> [ACTIVITY] What is wanted is every line below from the one with "お食事は自家製野菜や天然鮎など地元で採れた新鮮な食材が味わえます。" up to and including the one with "Some of the", retyped exactly, pictures excluded, nothing else.

> [DATA TO PROCESS]

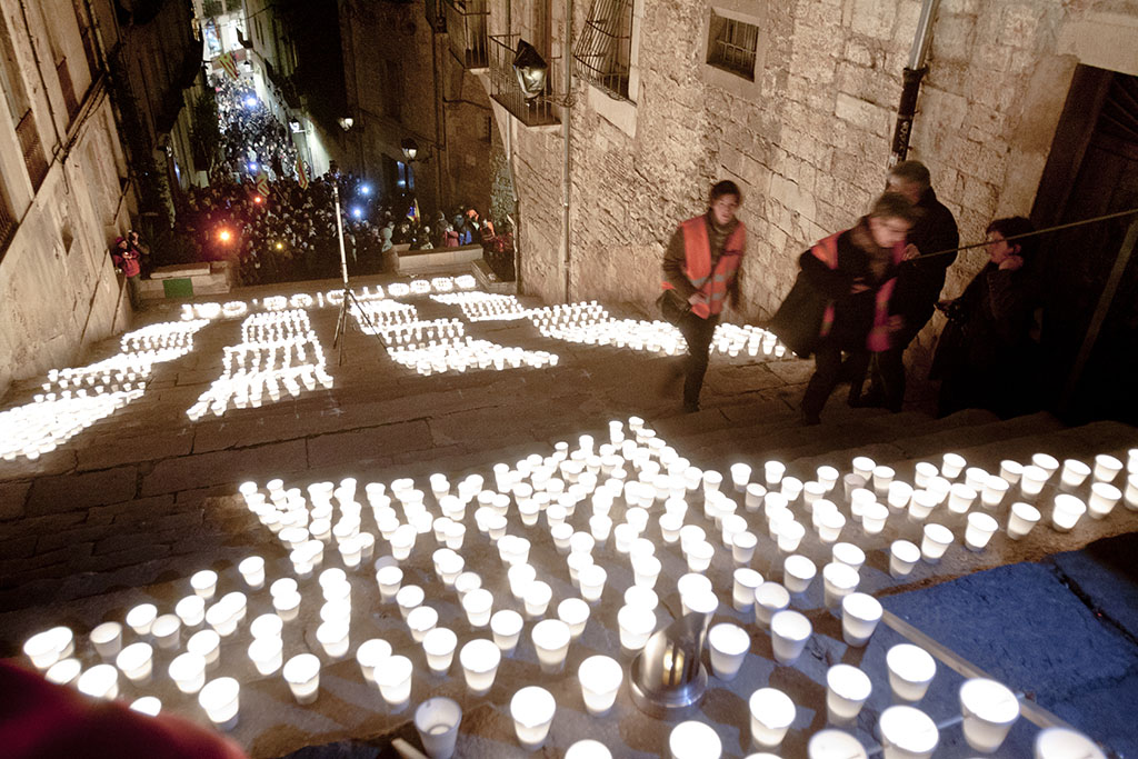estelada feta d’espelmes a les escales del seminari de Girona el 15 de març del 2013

---

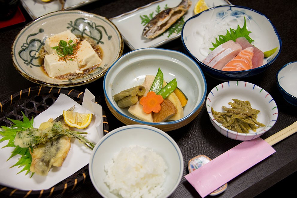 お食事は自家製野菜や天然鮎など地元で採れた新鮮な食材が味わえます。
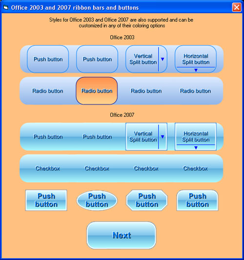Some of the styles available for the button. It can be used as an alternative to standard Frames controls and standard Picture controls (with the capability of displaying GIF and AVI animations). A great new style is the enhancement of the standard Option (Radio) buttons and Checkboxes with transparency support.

> [EXERCISE ANSWER]
 お食事は自家製野菜や天然鮎など地元で採れた新鮮な食材が味わえます。
Some of the styles available for the button. It can be used as an alternative to standard Frames controls and standard Picture controls (with the capability of displaying GIF and AVI animations). A great new style is the enhancement of the standard Option (Radio) buttons and Checkboxes with transparency support.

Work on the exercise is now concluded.